I think is Fed keeps rates low and hikes slowly to a terminal rate that is loose for the real economy interest rate (say 3% Fed funds vs 5.5-6.5% nominal GDP growth), that is stimulative for the real economy but negative for the financial economy, but not negative enough to cause a financial crisis.
I think its more like the 1970s where financial assets go sideways for years while inflation and wages go up
However we are not quite there yet, financial assets are still doing OK, wages are a bit slow, and the Fed is still loose
Some people think Puerto Rico could become like a Singapore. Most US states will have to increase taxes to cover pension and healthcare costs for baby boomers who started retiring in the last 2 years. The weakest states are already nearly bankrupt. But if you relocate to Puerto Rico then you pay something like 4% corporation tax and no state income tax.

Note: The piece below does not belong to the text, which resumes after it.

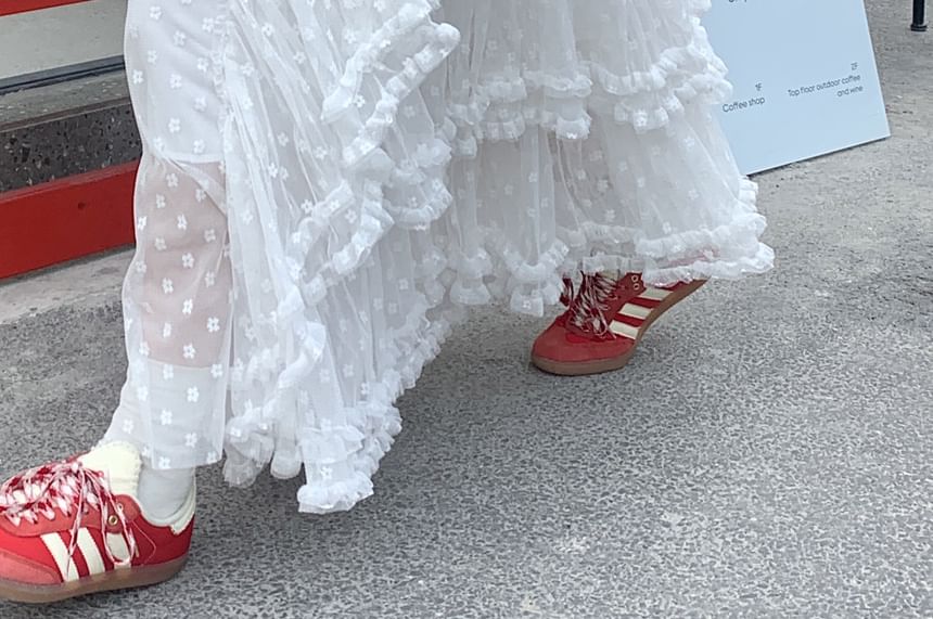 High Rise Floral Ruffle Asymmetrical Maxi A-Line Skirt

What if for most pensions the following assumptions are wrong:
- Returns go to near zero for a decade instead of making 7%
- Baby boomers spending on healthcare and medical breakthroughs keep people alive for an extra few years, but at great cost
- Nominal GDP starts rising 6 or 7% a year (currently 5.5%)
- Min wages rise, a lot of government jobs are basic paying, a lot of healthcare jobs are too.
- If they increase their required yield to 8 or 9% as a result of all of this, then all the numbers for unfunded pension liabilities are going in the wrong direction.
We just had a 35 year asset market super cycle and the pensions are still underfunded....
US states can not default on debt. Some can restructure contractual liabilities such as pensions, eitherway taxes are likely to go up at the state level in many states.
Cities and municipalities can default. So you can get a pension fund 'run on the bank' where people start to cash out their pensions before the city or municipality defaults
GMO forecasting negative returns for balanced portfolios.